Con respecto a mi ilustre coterráneo Valle Inclán, solo comentar que es un escritor del siglo XIX y primer tercio del XX, por lo que su brillante lenguaje está un poco alejado del actual. Además, suele utilizar en su obra, de modo consciente e intencionado, expresiones populares, modos de hablar de aquellos que utilizan el castellano de manera forzada porque son galego-pensantes, para reflejar mejor su estrato social. *Quedéme*, tradución literal de *quedei-me*, puedo asegurarte que nadie que domine medianamente el castellano lo dice en este rincón del mundo. 

Saludos,


----------



## curlyboy20

Obrigado mais uma vez por todas as suas contribuções. 

Airosa, seu espanhol está ótimo! Não encontrei nenhum erro. Agora eu também gostaria de saber se em português há outras formas de expressar "à tarde, à noite" como em espanhol.


----------



## WhoSoyEu

curlyboy20 said:


> Bom dia a todos!
> 
> Num dos posts no forum Espanol-inglês, uma menina espanhola disse que é correto dizer em espanhol *"a la tarde"* e *"a la noche". *Eu disse que não é correto porque ninguém, pelo menos no Peru, fala assim e nunca tinha ouvido alguém dizer isso.

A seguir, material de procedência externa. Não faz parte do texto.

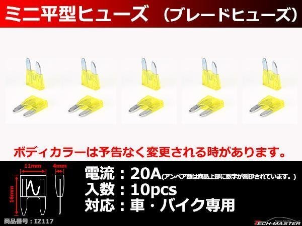 - 20A ミニ平型ヒューズ 10個入り ブレードヒューズ 車用 IZ117
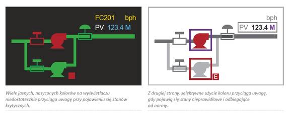 Osiągniętemu rozwojowi rozproszonych systemów sterowania (DCS), które stanowią obecnie platformy z rozwiązaniami komputerowymi typu PC, towarzyszy znaczna zmiana w możliwościach przedstawiania operatorom danych oraz informacji. I tak w szczególności, możliwość pracy pierwszej generacji wyświetlaczy kolorowych schematów ewaluowała od ograniczonego wykorzystania ośmiu kolorów z pełną lub ograniczoną do połowy intensywnością barwy, do potencjalnie milionów kolorów z możliwością dobierania kombinacji nasycenia barwy, odcieni oraz poziomów intensywności.
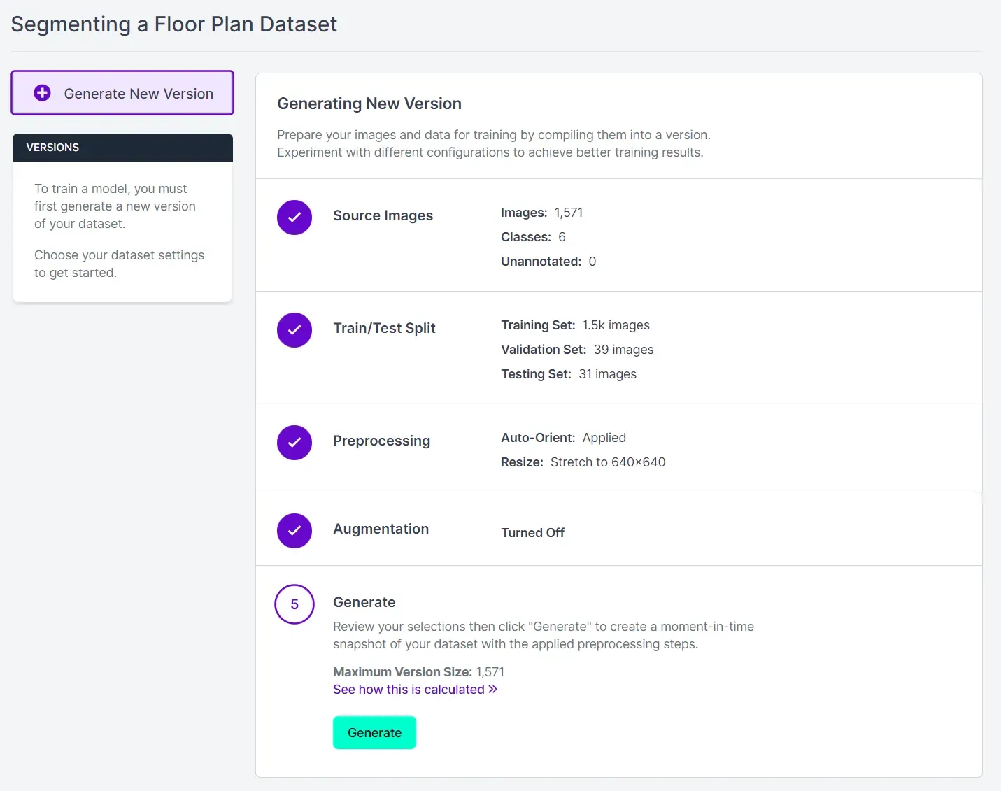The dataset version creation process may take a few minutes, depending on the size of the dataset. Once the dataset version is successfully generated, we are all set to proceed with training our model!
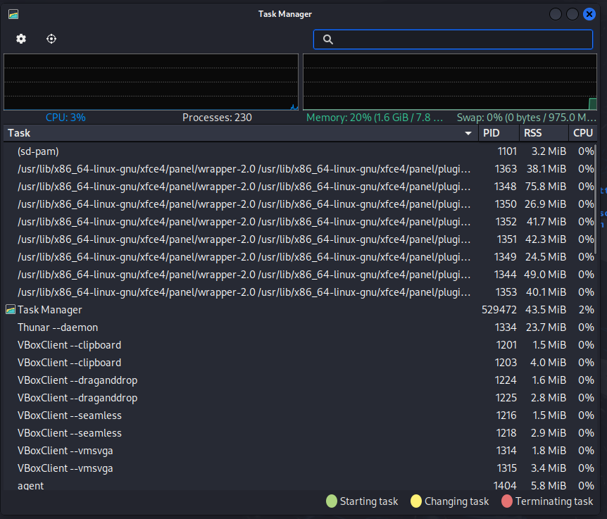 Con la ayuda de las herramientas top (integradas en el sistema) o htop (sudo apt install htop), podemos ver la actividad de monitoreo en tiempo real. Una tarea similar se puede realizar con la herramienta gráfica xfce4-taskmanager .

Outro forero citou do _Diccionario panhispánico de dudas _que isso é comum na Argentina e na Espanha, especialmente nos falantes vascos e catalanes.
> 
> Isso me fez pensar que talvez, sei lá, por causas geográficas "a la tarde" seja uma influência portuguesa na língua hispana? Vejamos:
> 
> _*Fuimos al mercado ayer a la tarde. *_
> *Fomos ao mercado ontem à tarde. (a+a = à)*
> 
> Opiniões?


 
Yo las utilizo con frecuencia, nunca me parecieron equivocadas. Cuanto a la influencia del portugués puede ser a la inversa ...


----------



## curlyboy20

Muito obrigado por participar WhoSoyEu. Na verdade, ninguém por aqui dize "a la tarde", "a la noche" e soa feio. Se você dizer isso cá, será corrigido imediatamente. 

"Cuanto a la influencia del portugués puede ser a la inversa ... " A que você se refere?


----------



## WhoSoyEu

curlyboy20 said:


> Muito obrigado por participar WhoSoyEu. Na verdade, ninguém por aqui dize "a la tarde", "a la noche" e soa feio. Se você dizer isso cá, será corrigido imediatamente.
> 
> "Cuanto a la influencia del portugués puede ser a la inversa ... " A que você se refere?


Que posiblemente la influencia ha sido del español para el portugués.


----------